Sin^4Ө =3/8-3/8cos(2Ө) Prove the following trigonometric identity

[bubbly616]

Homework Statement

Prove the following trigonometric identity. The question is sin^4Ө =3/8-3/8cos(2Ө)

Homework Equations

I think I'm supposed to use the power reducing formulas for trigonometric identities which are
sin^2(u)= (1- cos(2u))/2
cos^2(u)=(1+cos(2u))/2
*Let u represent any integer/value*

The Attempt at a Solution

To expand the equation I separated the equation into (1- cos^2Ө)(1- cos^2Ө) = 1- 2cos^2Ө + (cos^2Ө)^2. I reduced it because sin^2Ө = 1 – cos^2Ө and after this I'm confused on what the next steps are.

 

[BvU]

So, a much better post than the first try. Good !
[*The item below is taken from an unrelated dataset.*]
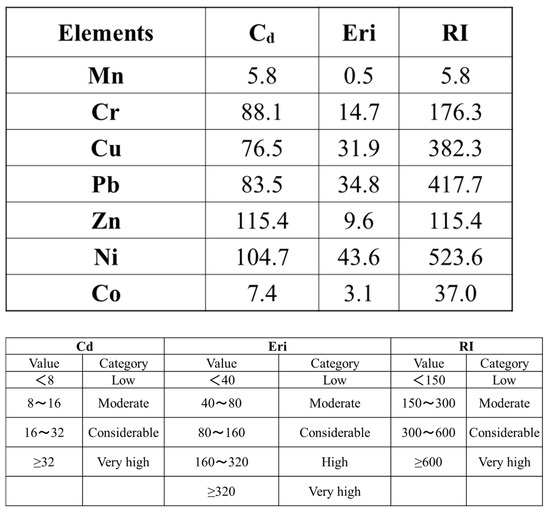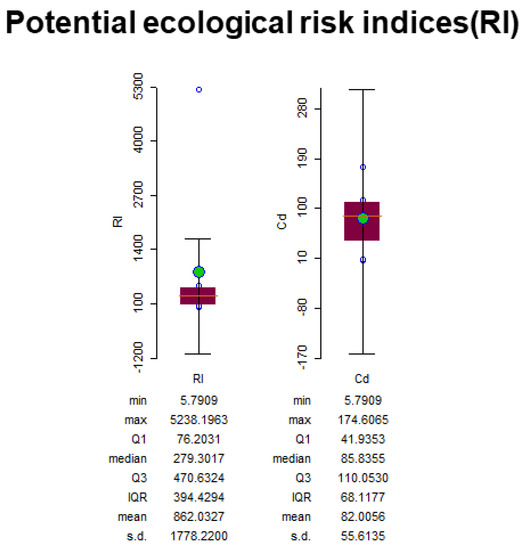 where Ci is the concentration of determined metals in the particulate samples, Cn is the background concentration of metal, Cri is the pollution factor of individual metals, Cd is the degree of contamination, and Eri is the potential ecological risk of individual metals; Tr represents the toxic values of each metal, which were estimated as Cu = Pb = Ni = 5, Zn = 1, Cr = 2, and Zn = 1. RI is the risk index of multiple elements. The classifications of heavy metal pollution and pollution indices were given in Figure 7. The result of pollution indices explains the standard factor at different levels. It is then calculated based on the single element pollution factors, degree of contamination, and comprehensive potential ecological index, as presented in Figure 7. The box whisker plot shows the potential ecological risk of individual metals, which shows that Ni is significantly enriched, followed by Pb, Cu, Cr, Zn, Co, and Mn. However, the potential ecological risk of multiple elements indicates that the metals were under a substantial range of 300 to 600. The contamination degree of heavy metals and risk index (RI) of the trace elements were in the following order: Ni > Pb > Cu >Cr > Zn > Co > Mn.

Your other entry is from the righthand side: what have you got for $\cos(2\theta)$ that might be useful here ?

[edit] ah: your second relevant equation !

 

[jedishrfu]

So you applied the sin^2(u) to the lefthand side of the equation and got (1/4) * (1 - cos(2u) )^2 right?

Next expand the

(1/4)*(1 - cos(2u) )^2 = (1/4) * ( 1 - 2*cos(2u) - cos(2u)^2 )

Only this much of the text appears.